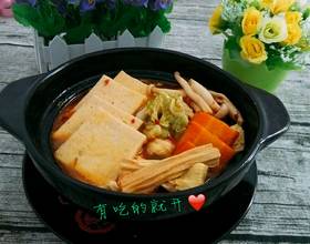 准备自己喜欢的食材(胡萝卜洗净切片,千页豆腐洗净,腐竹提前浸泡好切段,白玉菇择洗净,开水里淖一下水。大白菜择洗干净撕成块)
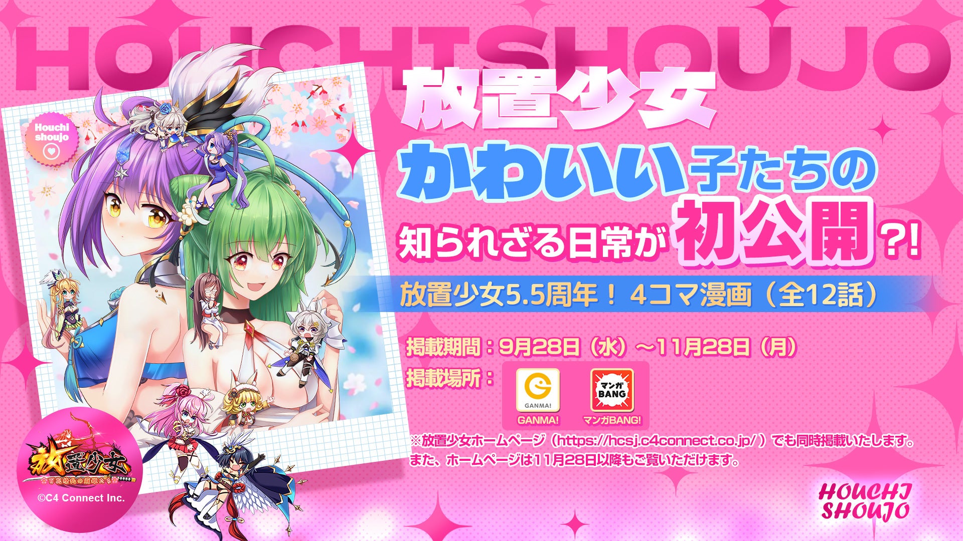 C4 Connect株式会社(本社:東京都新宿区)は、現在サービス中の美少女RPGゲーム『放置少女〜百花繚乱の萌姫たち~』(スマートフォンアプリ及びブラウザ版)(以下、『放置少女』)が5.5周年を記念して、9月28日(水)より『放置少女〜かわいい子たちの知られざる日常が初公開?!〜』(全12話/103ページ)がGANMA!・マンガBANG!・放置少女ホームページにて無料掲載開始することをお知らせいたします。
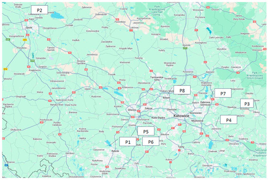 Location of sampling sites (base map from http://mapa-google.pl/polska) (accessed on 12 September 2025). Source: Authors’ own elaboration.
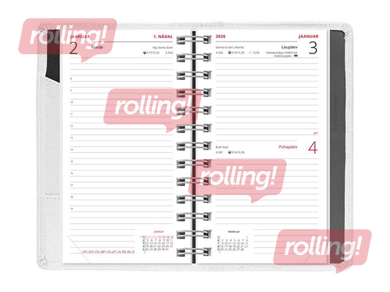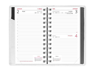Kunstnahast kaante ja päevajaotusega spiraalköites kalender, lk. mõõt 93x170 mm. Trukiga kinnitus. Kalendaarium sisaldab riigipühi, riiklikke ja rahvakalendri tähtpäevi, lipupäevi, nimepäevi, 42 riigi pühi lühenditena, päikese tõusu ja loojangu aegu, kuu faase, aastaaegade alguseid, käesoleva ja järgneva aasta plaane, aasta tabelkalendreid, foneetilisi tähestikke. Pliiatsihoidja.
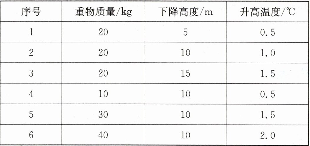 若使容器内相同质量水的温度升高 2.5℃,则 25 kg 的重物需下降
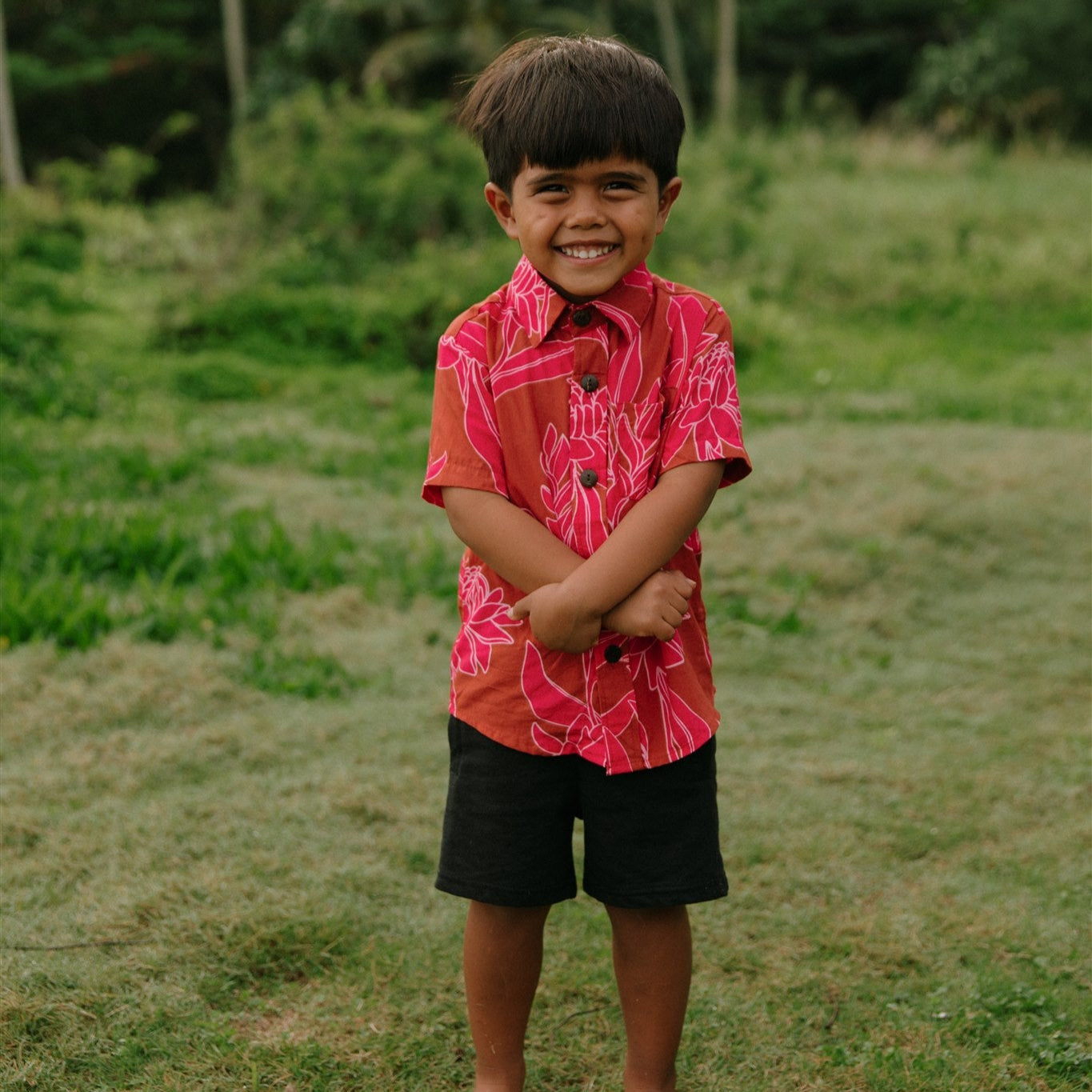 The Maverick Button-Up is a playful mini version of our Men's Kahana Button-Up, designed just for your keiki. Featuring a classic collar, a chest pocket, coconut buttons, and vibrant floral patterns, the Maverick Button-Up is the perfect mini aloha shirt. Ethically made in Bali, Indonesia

^^^^^^^^^^^^^^^^

## DIRECTIONS FOR THIS TASK:
Apart from the pictures, every line above must be printed exactly.

## THE ANSWER:
 准备自己喜欢的食材(胡萝卜洗净切片,千页豆腐洗净,腐竹提前浸泡好切段,白玉菇择洗净,开水里淖一下水。大白菜择洗干净撕成块)
 C4 Connect株式会社(本社:東京都新宿区)は、現在サービス中の美少女RPGゲーム『放置少女〜百花繚乱の萌姫たち~』(スマートフォンアプリ及びブラウザ版)(以下、『放置少女』)が5.5周年を記念して、9月28日(水)より『放置少女〜かわいい子たちの知られざる日常が初公開?!〜』(全12話/103ページ)がGANMA!・マンガBANG!・放置少女ホームページにて無料掲載開始することをお知らせいたします。
 Location of sampling sites (base map from http://mapa-google.pl/polska) (accessed on 12 September 2025). Source: Authors’ own elaboration.
Kunstnahast kaante ja päevajaotusega spiraalköites kalender, lk. mõõt 93x170 mm. Trukiga kinnitus. Kalendaarium sisaldab riigipühi, riiklikke ja rahvakalendri tähtpäevi, lipupäevi, nimepäevi, 42 riigi pühi lühenditena, päikese tõusu ja loojangu aegu, kuu faase, aastaaegade alguseid, käesoleva ja järgneva aasta plaane, aasta tabelkalendreid, foneetilisi tähestikke. Pliiatsihoidja.
 若使容器内相同质量水的温度升高 2.5℃,则 25 kg 的重物需下降
 The Maverick Button-Up is a playful mini version of our Men's Kahana Button-Up, designed just for your keiki. Featuring a classic collar, a chest pocket, coconut buttons, and vibrant floral patterns, the Maverick Button-Up is the perfect mini aloha shirt. Ethically made in Bali, Indonesia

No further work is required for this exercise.